■ Work order
The pictures in the listing below are to be skipped, while the lines between the line holding "Mexen Lunar kabina" and the line holding "Panang curry paste", inclusive, are to be output exactly.

■ Data to process
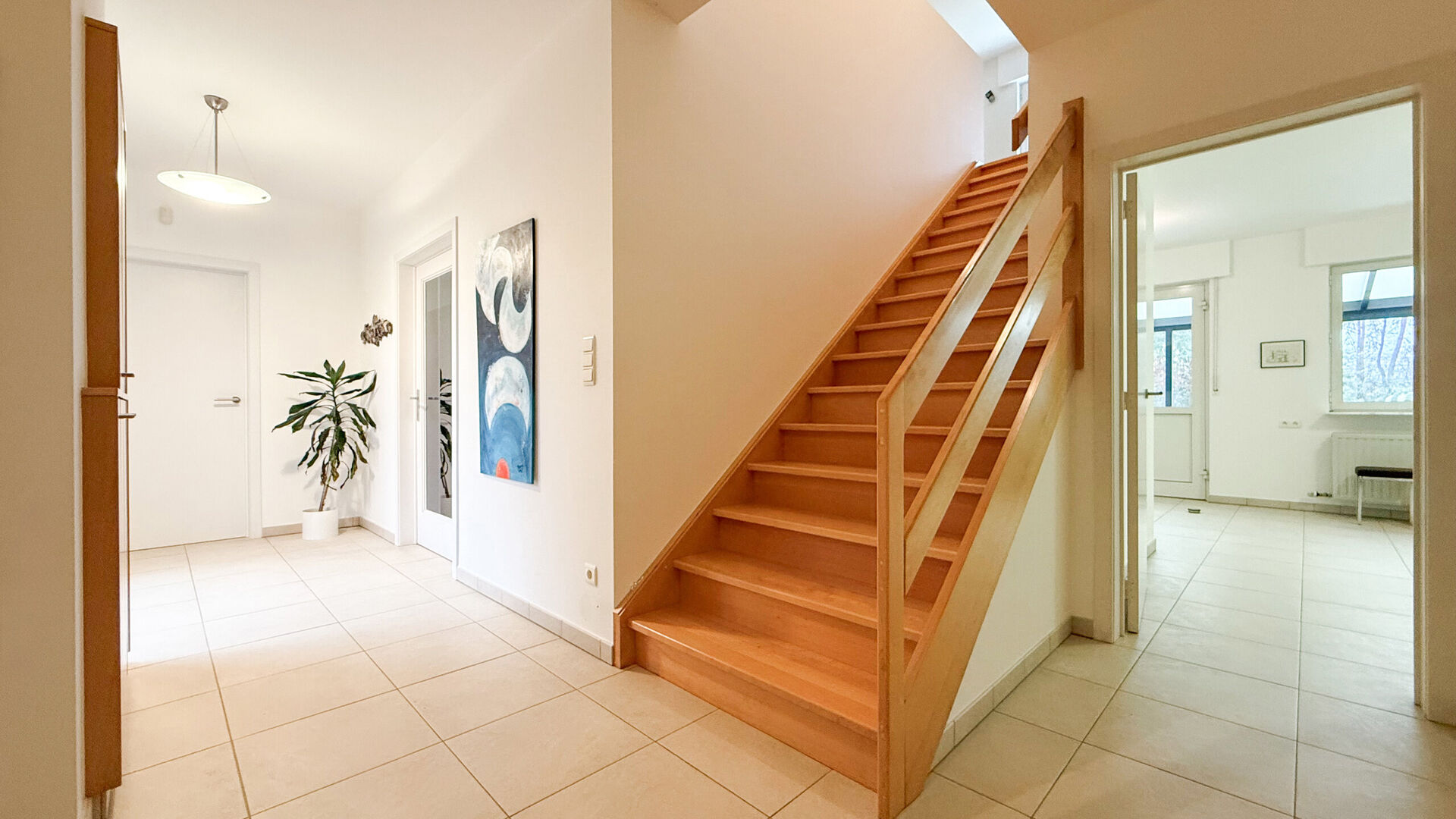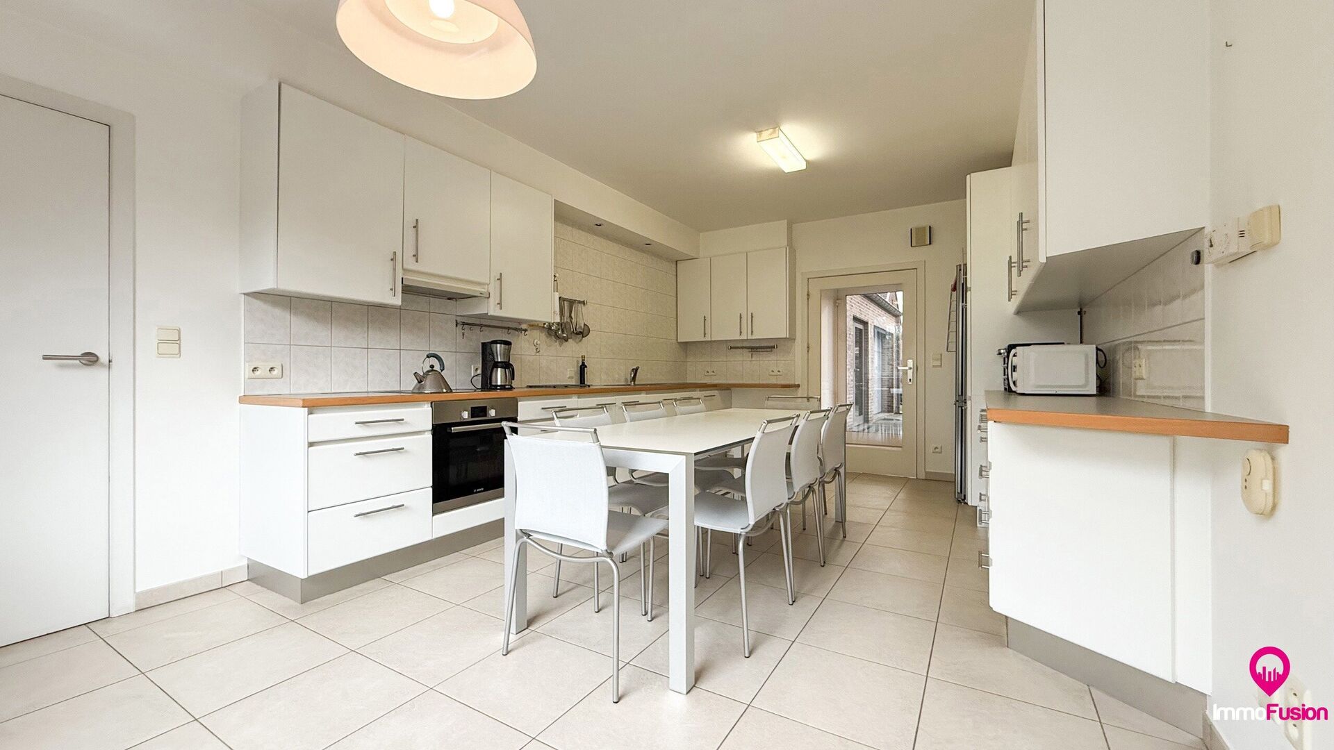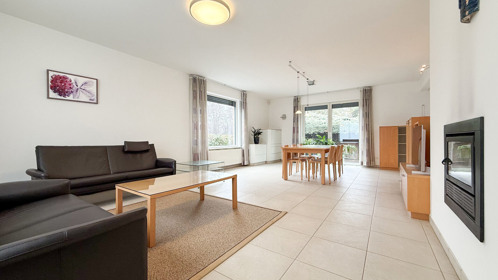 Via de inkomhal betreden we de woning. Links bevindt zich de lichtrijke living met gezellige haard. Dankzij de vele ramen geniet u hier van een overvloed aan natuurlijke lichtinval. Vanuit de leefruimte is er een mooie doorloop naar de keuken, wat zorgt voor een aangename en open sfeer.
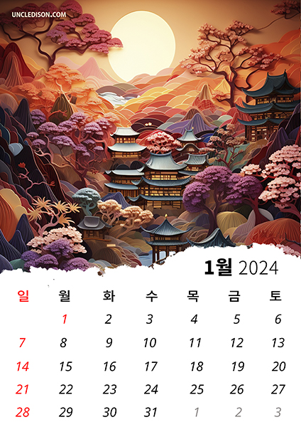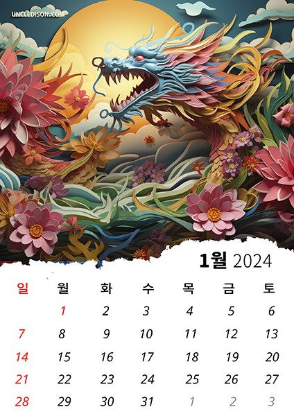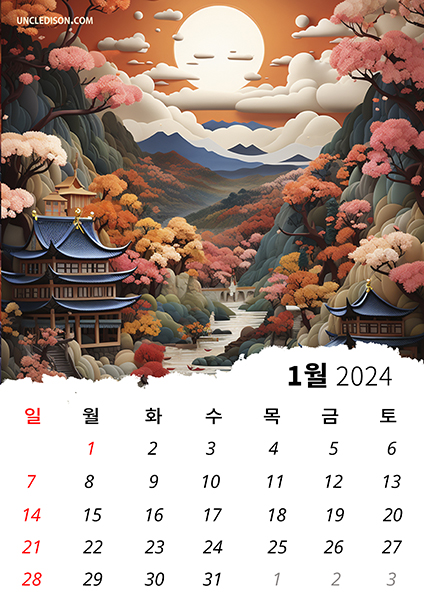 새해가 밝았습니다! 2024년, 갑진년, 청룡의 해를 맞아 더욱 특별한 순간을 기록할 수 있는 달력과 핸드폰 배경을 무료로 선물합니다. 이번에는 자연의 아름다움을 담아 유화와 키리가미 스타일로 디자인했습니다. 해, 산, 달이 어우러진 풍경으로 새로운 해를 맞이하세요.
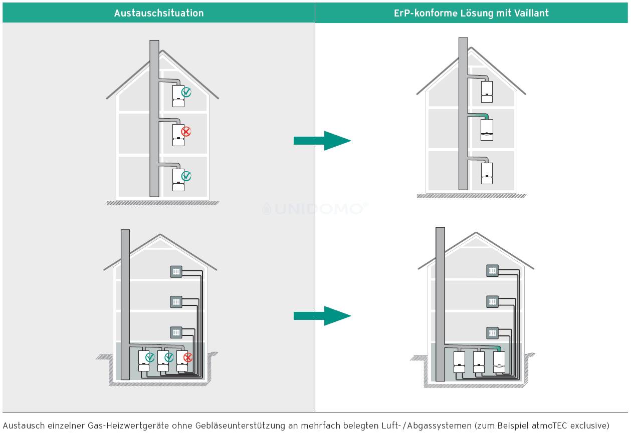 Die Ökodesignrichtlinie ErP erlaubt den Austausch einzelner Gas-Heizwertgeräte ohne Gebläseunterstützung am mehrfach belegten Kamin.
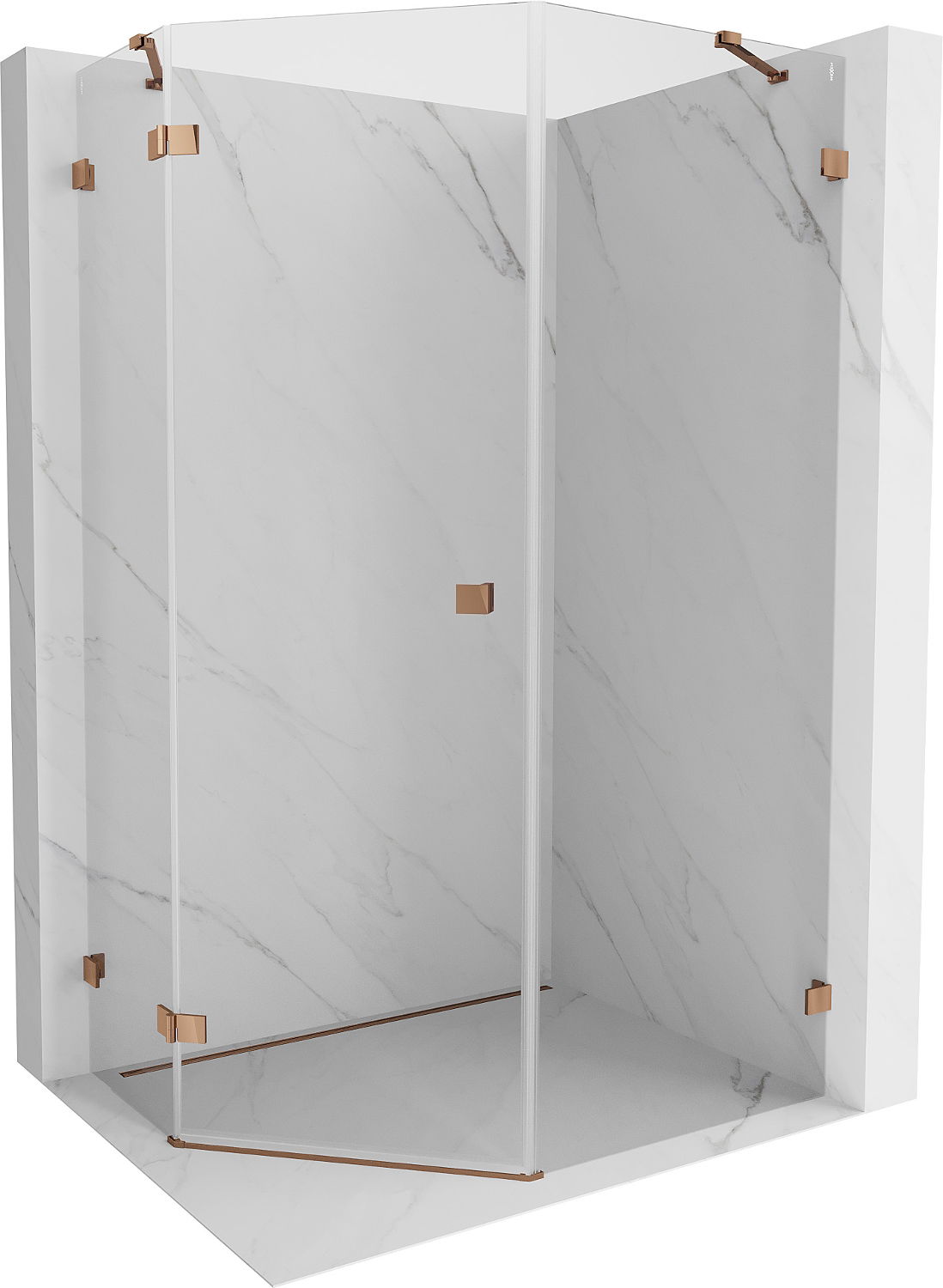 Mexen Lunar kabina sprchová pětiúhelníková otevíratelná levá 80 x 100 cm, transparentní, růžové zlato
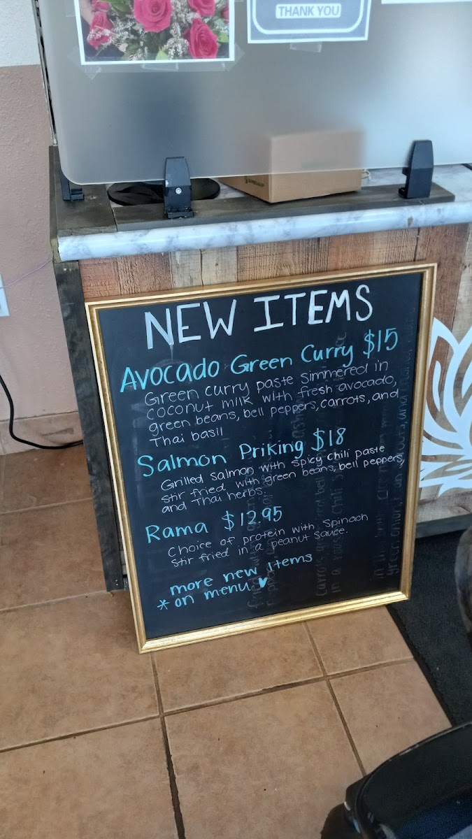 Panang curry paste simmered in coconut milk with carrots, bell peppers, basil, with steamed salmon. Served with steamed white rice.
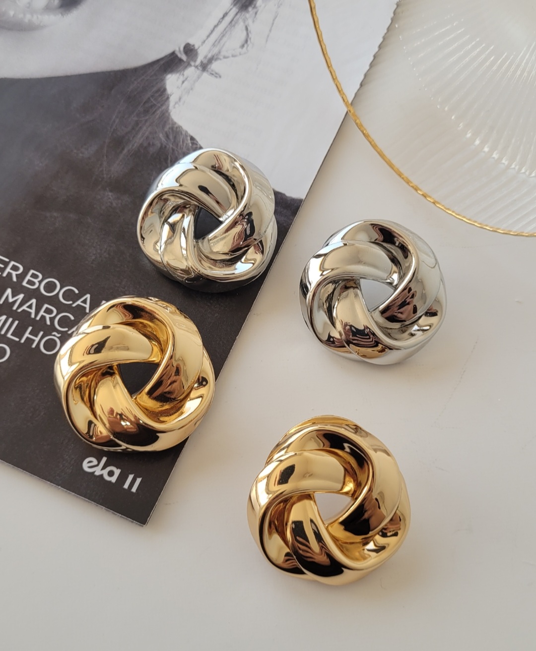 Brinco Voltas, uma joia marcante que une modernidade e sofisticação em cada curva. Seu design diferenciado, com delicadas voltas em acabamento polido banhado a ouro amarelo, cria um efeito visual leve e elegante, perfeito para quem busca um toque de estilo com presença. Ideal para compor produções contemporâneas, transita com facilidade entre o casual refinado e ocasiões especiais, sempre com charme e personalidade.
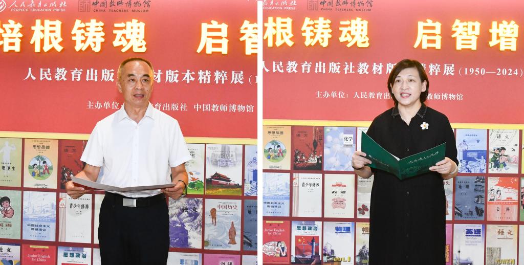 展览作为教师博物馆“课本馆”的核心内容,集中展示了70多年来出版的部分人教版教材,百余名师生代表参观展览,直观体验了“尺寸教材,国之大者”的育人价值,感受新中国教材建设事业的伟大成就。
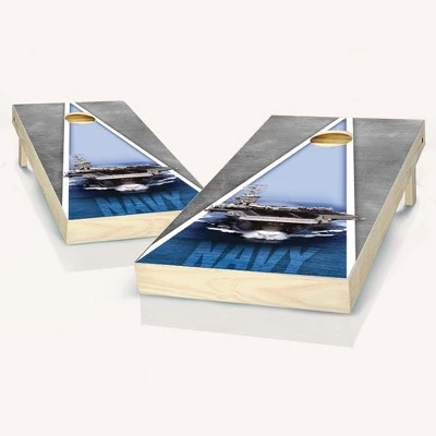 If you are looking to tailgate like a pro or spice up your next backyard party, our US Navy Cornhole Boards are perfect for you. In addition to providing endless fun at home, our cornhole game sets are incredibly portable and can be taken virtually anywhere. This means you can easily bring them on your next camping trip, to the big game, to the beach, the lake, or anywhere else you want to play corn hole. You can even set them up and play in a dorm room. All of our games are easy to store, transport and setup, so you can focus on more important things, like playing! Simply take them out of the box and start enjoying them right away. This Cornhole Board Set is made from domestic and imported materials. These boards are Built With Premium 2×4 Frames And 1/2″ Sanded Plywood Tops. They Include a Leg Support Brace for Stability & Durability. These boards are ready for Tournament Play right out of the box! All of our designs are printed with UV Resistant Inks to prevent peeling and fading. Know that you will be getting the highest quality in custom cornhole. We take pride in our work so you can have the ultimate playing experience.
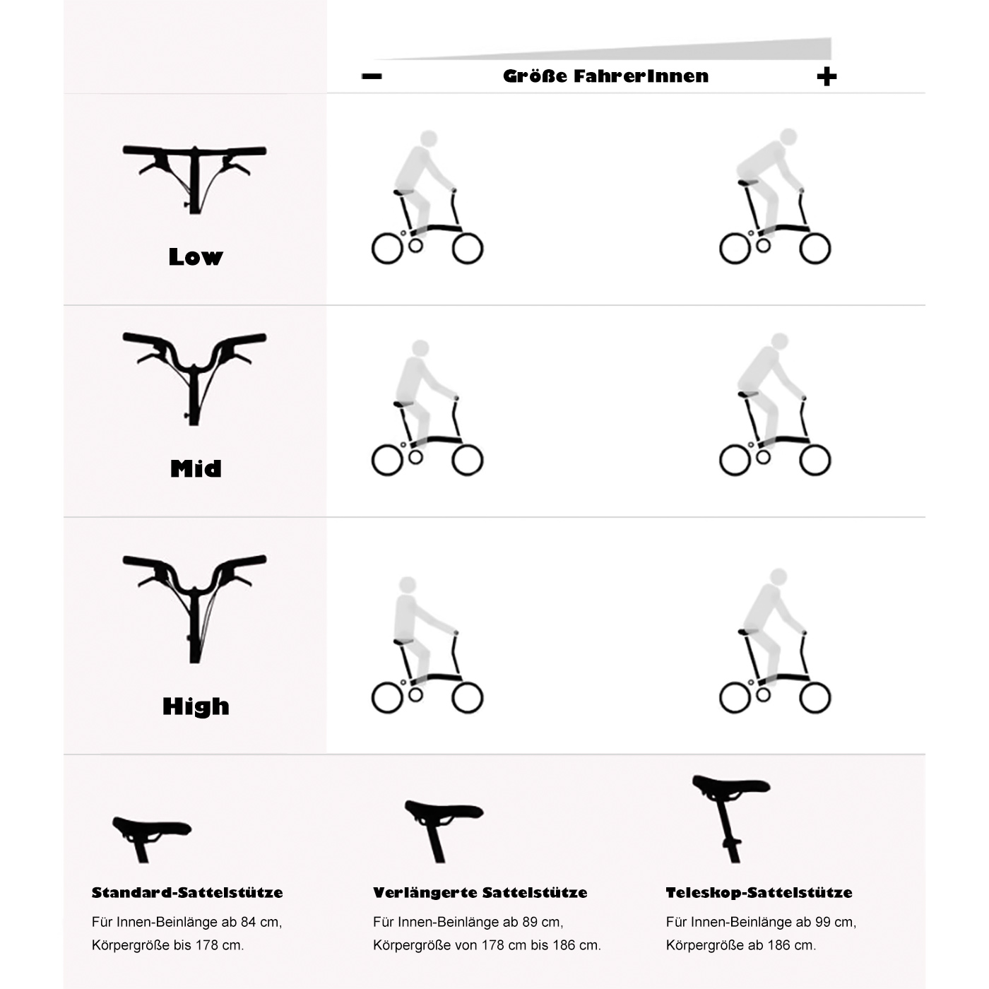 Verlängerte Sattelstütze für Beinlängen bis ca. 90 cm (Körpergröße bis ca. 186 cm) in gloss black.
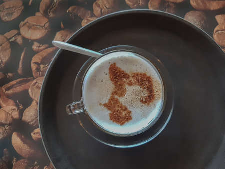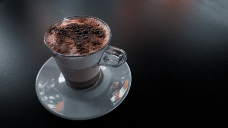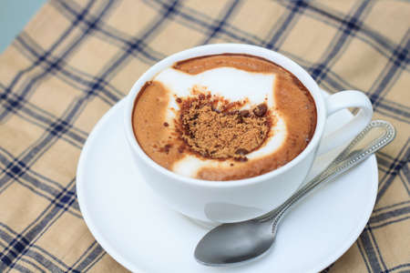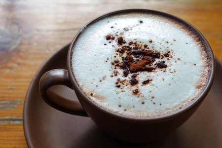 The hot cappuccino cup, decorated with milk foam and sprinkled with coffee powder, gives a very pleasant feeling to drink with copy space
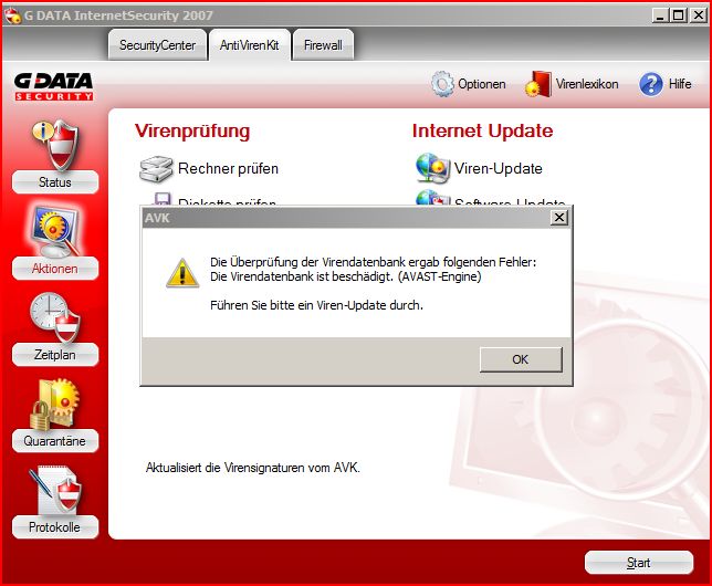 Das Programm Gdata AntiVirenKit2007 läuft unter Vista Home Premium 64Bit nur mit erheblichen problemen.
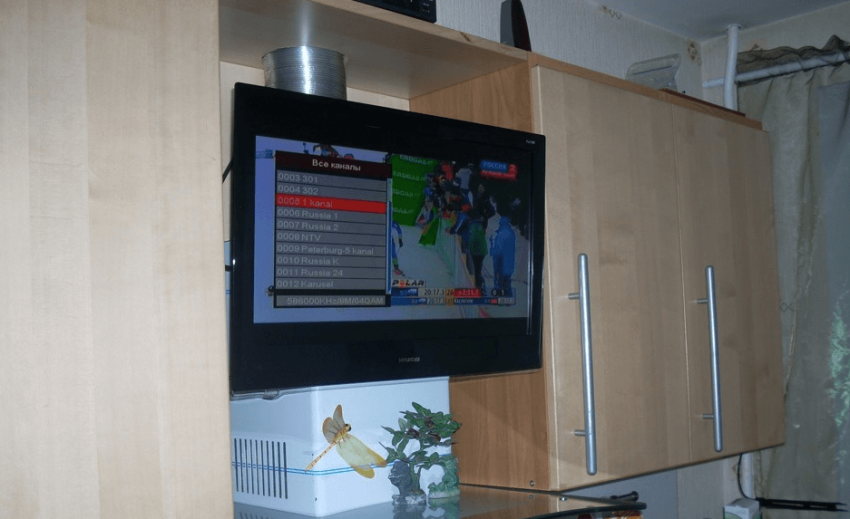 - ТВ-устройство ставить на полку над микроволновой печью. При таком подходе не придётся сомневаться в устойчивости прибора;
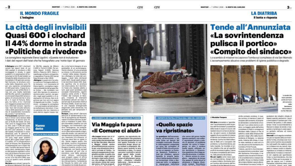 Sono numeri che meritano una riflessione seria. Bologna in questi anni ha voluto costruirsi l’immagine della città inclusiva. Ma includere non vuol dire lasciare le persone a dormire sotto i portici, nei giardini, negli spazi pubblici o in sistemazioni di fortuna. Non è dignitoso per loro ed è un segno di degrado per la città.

■ Written solution
 Mexen Lunar kabina sprchová pětiúhelníková otevíratelná levá 80 x 100 cm, transparentní, růžové zlato
 Panang curry paste simmered in coconut milk with carrots, bell peppers, basil, with steamed salmon. Served with steamed white rice.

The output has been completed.